Does anyone have a recipe for a doggy birthday cake? Izzy's 1st birthday is Wednesday and I wanted to make one for her.


----------



## Leeann (Feb 28, 2007)

Marianne, Kara (Gucci's mama) has some great recipe's. I'm sure she would love to share them with you, send her a PM.


----------



## Mraymo (Oct 30, 2007)

Great. Thanks Leeann.


----------



## isshinryu_mom (Mar 23, 2008)

Shelly (havaluv) had a wonderful birthday cake for Oliver, according to Roxie who had TWO pieces! Can't remember if it was a mix or a recipe... hopefully she'll be around soon and can tell you.


----------



## TnTWalter (May 9, 2007)

*I made one for Winston...here's the link...*

page 3 has the recipe....page 1 shows the cake.
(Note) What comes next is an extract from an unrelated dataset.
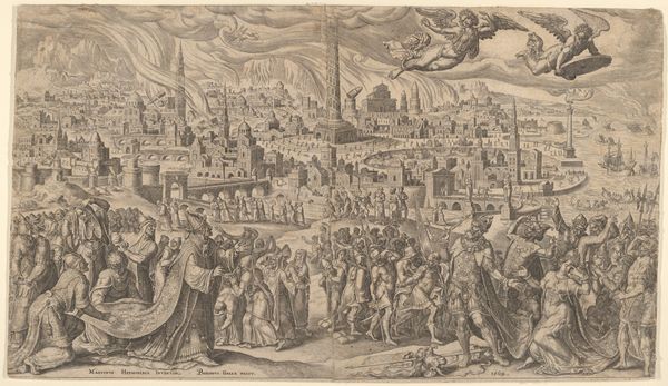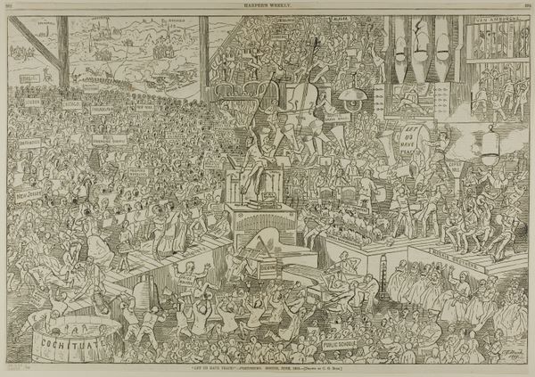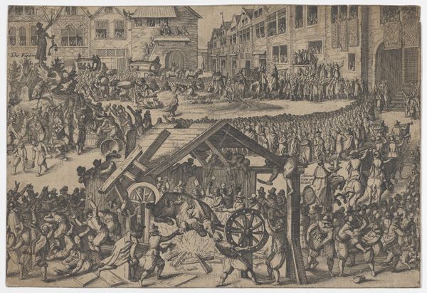 Lucas Cranach the Elder created this black line woodcut print, "The First Tournament," sometime in the early 16th century. During this period, tournaments were more than just sporting events; they were elaborate displays of power and prestige, reflecting the social hierarchies of the time. Here, Cranach presents us with a chaotic yet detailed scene of knights clashing, horses rearing, and spectators looking on from balconies. The composition captures the energy and spectacle of the event, but also hints at the underlying tensions and rivalries inherent in such displays. Consider how the artist uses the woodcut medium to convey both the grandeur and the grit of the tournament. The stark contrast between light and shadow emphasizes the drama of the joust, while the intricate linework captures the textures of armor, banners, and clothing. The image serves as a reminder of how power, performance, and identity were intertwined in the cultural fabric of the Renaissance.

http://havaneseforum.com/showthread.php?t=4060&highlight=winston+birthday

my kids enjoyed it too! eace:


----------



## hartman studio (Feb 14, 2008)

Cocotini's first birthday is next Friday- they are almost the same age. I have a couple of recipes that I need to find as I was going to make a cake for her too. I'll try to find them this weekend and post for you. I know one uses low fat cream cheese frosting.


----------



## havaluv (Oct 15, 2007)

I got Oliver's birthday cake mix from tailwaggin.com. It was easy and the dogs loved it. We used cream cheese for icing.


----------



## Mraymo (Oct 30, 2007)

Jocelyn - My son's birthday is on Friday, he'll be 11 years old.


Trish - I'll check out the thread. I did a search on birthday cakes but didn't find anything. Thanks.


----------